Женщина вытерла слезы. Что Хамыржа был хороший человек, я знаю от его матери Кыжмыды. Она даже клянется его именем… Ей назначили пенсию за погибшего сына, но она отказалась. Я, говорит, не для того на войну его посылала, чтоб деньги получать. И втайне от старухи деньги получает Гадацци.

— А вы его мать не знаете? — спросил я.

— Лиду? У вас ее как-то по-другому называют… Не выговорю.

— Кыжмыда.

— Вот-вот! Часто у нас бывала. И я у них. Харитон на бидарке за мной приезжал… Впервые отведала вашу дзыкка.

Мне с собой дали мешочек яблок. Я не хотел брать. Да разве меня слушали! И Кыжмыде положили гостинцев.

— Поклон Лиде передай. В гости к нам приходите. Скажешь, от матери Николая поклон. Она сразу вспомнит!

Поздней осенью Бешагур босиком переходил Уршдон, сильно простыл. Две недели пролежал дома. Ему делали уколы, лекарства давали, мать чем могла подкармливала, и Бешагур понемногу стал поправляться.

Отец Бешагура тоже не вернулся с войны. Кто воевал — те давно вернулись. Или погибли. Больше погибло, чем вернулось… А есть и такие, кто пропал без вести. Как отец Бешагура и мой Баппу.

Нет их ни среди живых, ни среди мертвых. Ждут их, семь лет, как война кончилась, а их все ждут. Но из пропавших без вести еще ни один не вернулся.

Весной Бешагур снова простудился: после ливневых дождей снесло мост на Уршдоне, и нам пришлось добираться до берега по ледяной воде… На этот раз Бешагура положили в городскую больницу. Три месяца он пролежал с воспалением легких, но не вылечился до конца… Учебный год пропустил. Не пошел в школу и на следующий год.

В больнице он пристрастился к балалайке, и его мать рада, что он хоть чем-то развлекает себя. Мы заходим к нему после уроков — больному человеку тоскливо одному.

А Бешагур очень переменился, совсем стал на себя не похож. Куда-то подевалась его прежняя живость. Похудел так, что смотреть на него страшно, все кашляет. И одно плечо будто бы ниже другого. Раньше по улице он не ходил, а бегал. Теперь же если выйдет за ворота ненадолго… Смеяться разучился. Редко-редко когда улыбнется. И то как-то виновато и жалко.

А на балалайке он играет неплохо. Глядя на него, некоторые из ребят тоже обзавелись этим инструментом, и у них не хуже получалось. По вечерам балалаечники соберутся возле дома Бешагура, и пойдет веселье! Словно танцы на пятачке или какой концерт!

Дзыцца меня здесь не раз находила. Постоит, послушает… А однажды сказала:

«Ты бы не садился близко к нему. Вдруг он тебя заразит?»

Я и вправду всегда рядом с Бешагуром сажусь и, когда он кашляет, чувствую на лице его горячечное дыхание. Но мне в голову не приходило, что можно заразиться.

Почему-то Бешагур любит сидеть на корточках. Сколько угодно так просидит. Возьмет какой-нибудь прутик и чертит на земле: когда прутик в руке, ему легче разговаривать. Я тоже пытался сидеть на корточках, но надолго меня не хватает: колени начинают ныть, и я перебираюсь на скамейку.
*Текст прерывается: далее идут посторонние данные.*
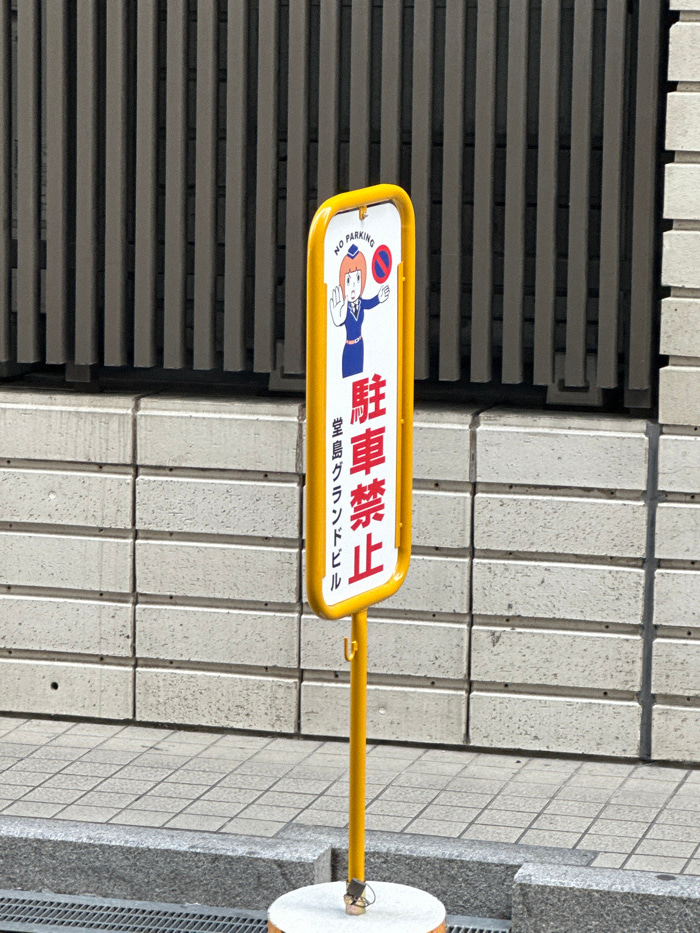 A yellow rectangular sign with rounded corners features a cartoon woman in a blue uniform with a red circle and diagonal line over a car, indicating "No Parking." Japanese text, including "駐車禁止" (Park…read more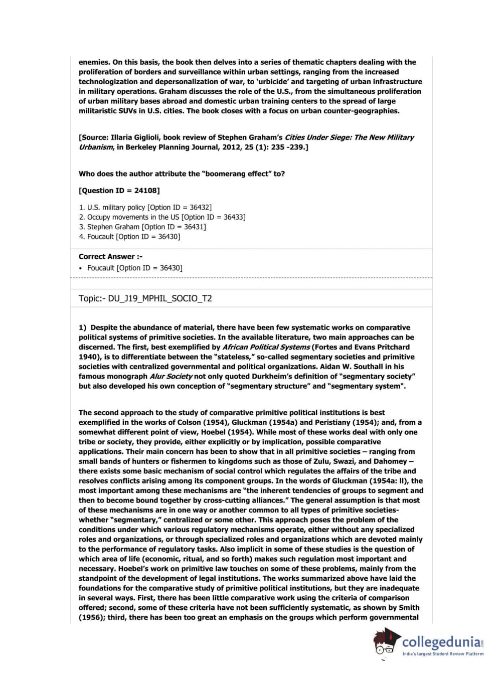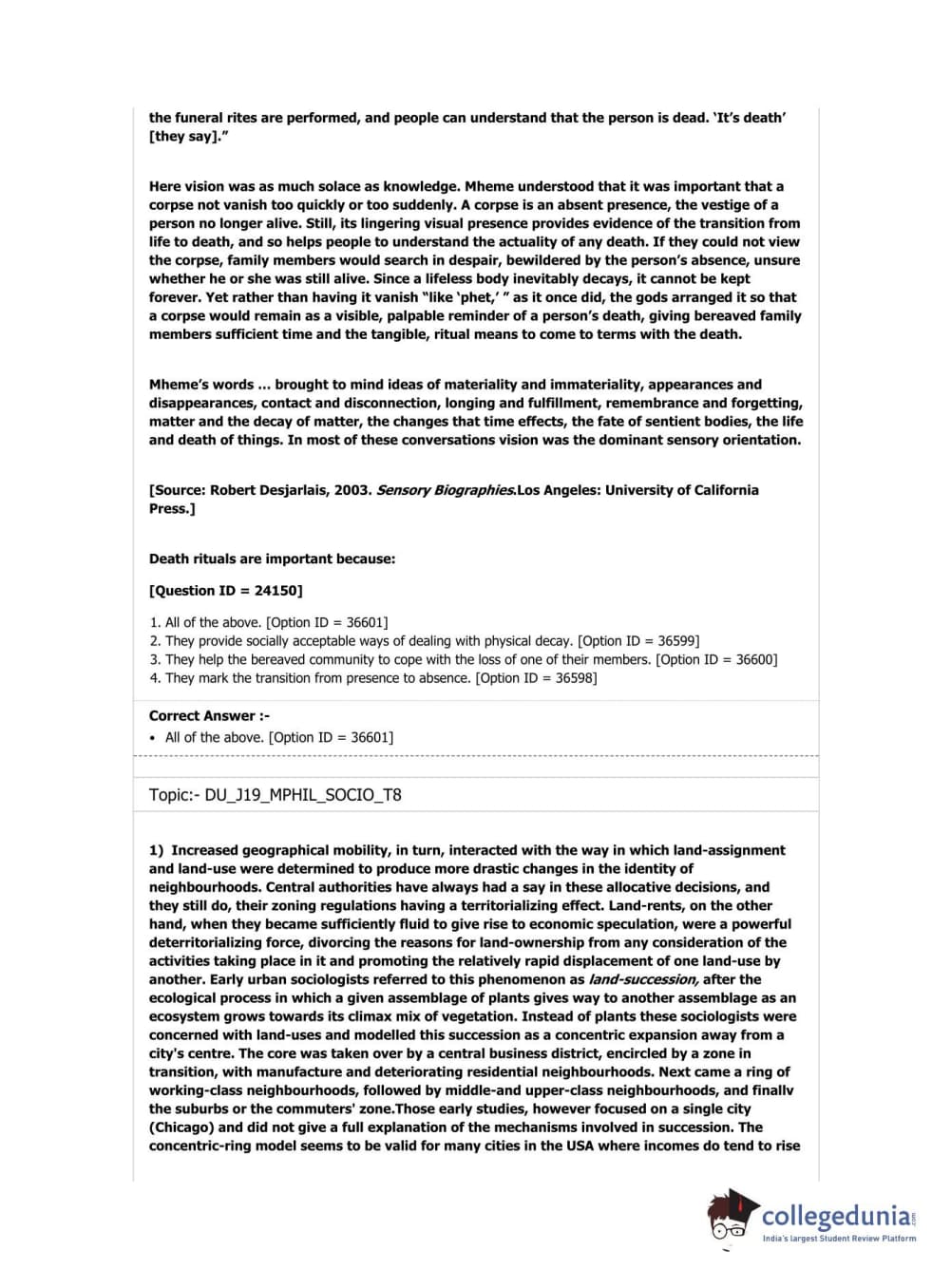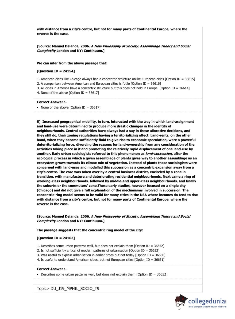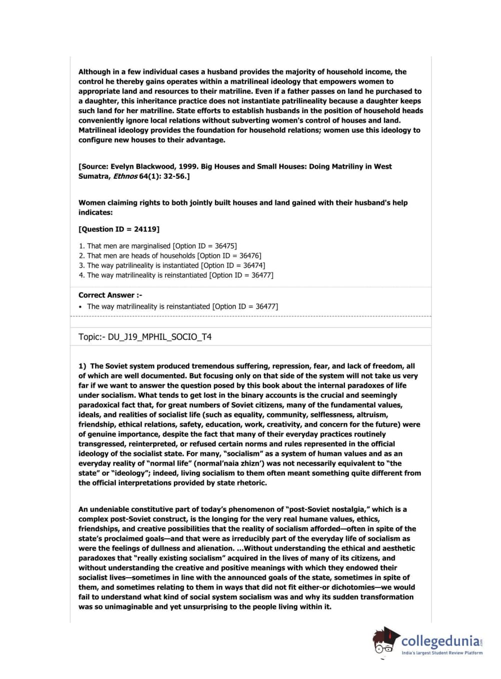 DUET 2019 M.Phil./Ph.D. in Sociology Question Paper with Answer Key PDF Shift 3

Три месяца Бешагур пробыл в городской больнице, и первое время его расспрашивали, когда вернулся домой: как и что в городе? А что он видел, если даже за больничные ворота не выходил! Выучился только играть на балалайке. И еще выучил несколько песен. Они жалостливые, грустные. При матери никогда их не поет. А вчера он спел нам одну.

Сначала всякие коленца брал на балалайке, быстро, игриво ходили его пальцы по струнам, даже малышня танцевала. А когда малыши разошлись по домам, Бешагур запел. Голос низкий, грудной… Лицо же не грустное, не веселое — никакое. Словно Бешагуру все безразлично.

Сирый несчастен,
А кто не верит, гей,
Пусть у того Мать умрет скорей.
О-о-ой, мой Бог, пусть мать умрет скорей,
А мне что делать с тоскою моей?[25]

Я отвернулся от Бешагура и сидел, нахмурясь. Показалось, что он для меня поет. Может, он уже поверил, что отец его погиб и никогда не вернется, и считает себя сиротой?.. А я вот все жду и надеюсь! Значит, моя мать должна… И мысленно я не хочу произносить этого страшного слова! Разве мало, что несчастен сирота-безотцовщина? Зачем же еще мать хоронить? Или, как говорит Дзыцца, козлу больше идет быть стриженым? Нет, не согласен я ни с Бешагуром, ни с его песней!

Беден хворый,
Несчастен хворый, гей!
Пусть, кто не верит,
Занеможет скорей.
О-о-ой, мой Бог, занеможет скорей,
А мне что делать с тоскою моей?

пел Бешагур.

Совсем я расстроился. Сам он эту песню выдумал или услышал от кого? Чтобы замутить сердце человеку, другой и не надо. У Мадинат слезы повисли на ресницах. Поднять руку и смахнуть — сил не хватает…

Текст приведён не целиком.